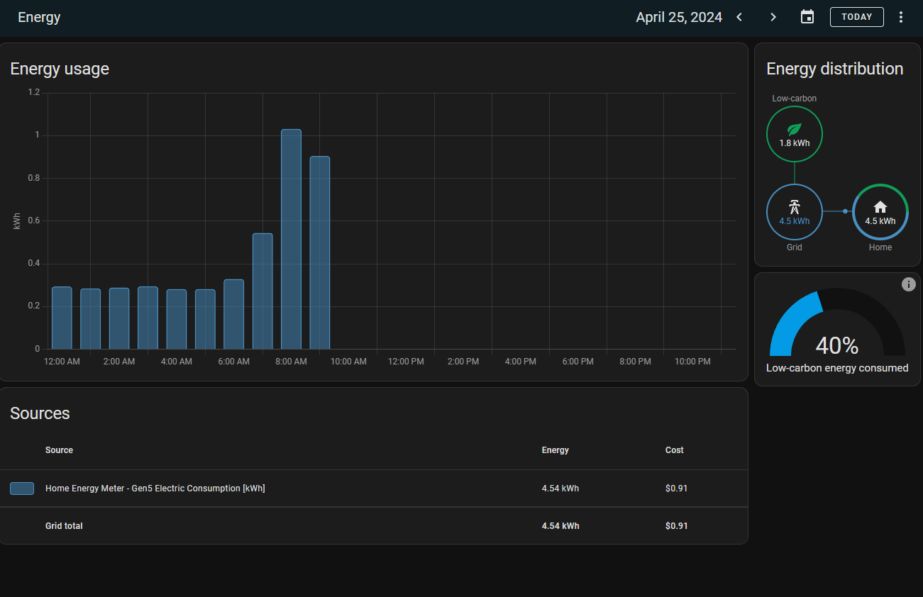 Because I have the home energy meter, Home Assistant will display the energy used over time. It's really neat to compare previous months (like winter vs spring) and you can clearly see when my wife chargers her electric car.
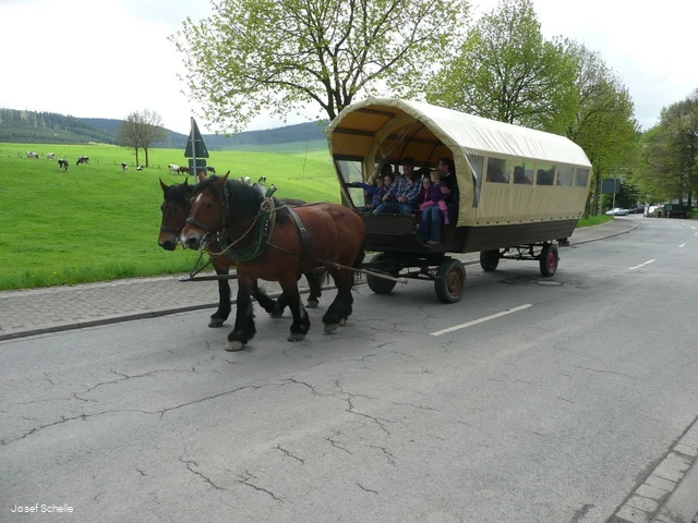 Wij bieden huifkartochten met paarden voor maximaal 24 personen, verwarmde huifkarren, de combinatie van tractor, paardentrailer en huifkar maakt het ook mogelijk om rond te rijden in Meinkenbracht, Sundern en Eslohe, koetstochten voor maximaal 8 personen, sleetochten voor maximaal 10 personen (onze slee met lopers en wielen maakt sleetochten ook mogelijk in de zomer).
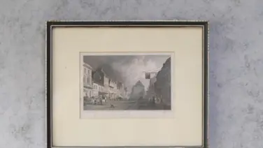 アンティークリトグラフピクチャー イギリス 鋼版画 ウェールズ北部デンビーシャー州の都市 Wrexham アンティーク雑貨 画家 H. Gastineau による原画を基に、版画家 W. Wathis によって精緻に彫版された作品で、当時の町並みや人々の暮らしを活き活きと伝えています。

----------------------------------------

**TO DO**
Return all of the lines above without alteration, minus the pictures.

**EXERCISE RESULT**
 Because I have the home energy meter, Home Assistant will display the energy used over time. It's really neat to compare previous months (like winter vs spring) and you can clearly see when my wife chargers her electric car.
 Wij bieden huifkartochten met paarden voor maximaal 24 personen, verwarmde huifkarren, de combinatie van tractor, paardentrailer en huifkar maakt het ook mogelijk om rond te rijden in Meinkenbracht, Sundern en Eslohe, koetstochten voor maximaal 8 personen, sleetochten voor maximaal 10 personen (onze slee met lopers en wielen maakt sleetochten ook mogelijk in de zomer).
 アンティークリトグラフピクチャー イギリス 鋼版画 ウェールズ北部デンビーシャー州の都市 Wrexham アンティーク雑貨 画家 H. Gastineau による原画を基に、版画家 W. Wathis によって精緻に彫版された作品で、当時の町並みや人々の暮らしを活き活きと伝えています。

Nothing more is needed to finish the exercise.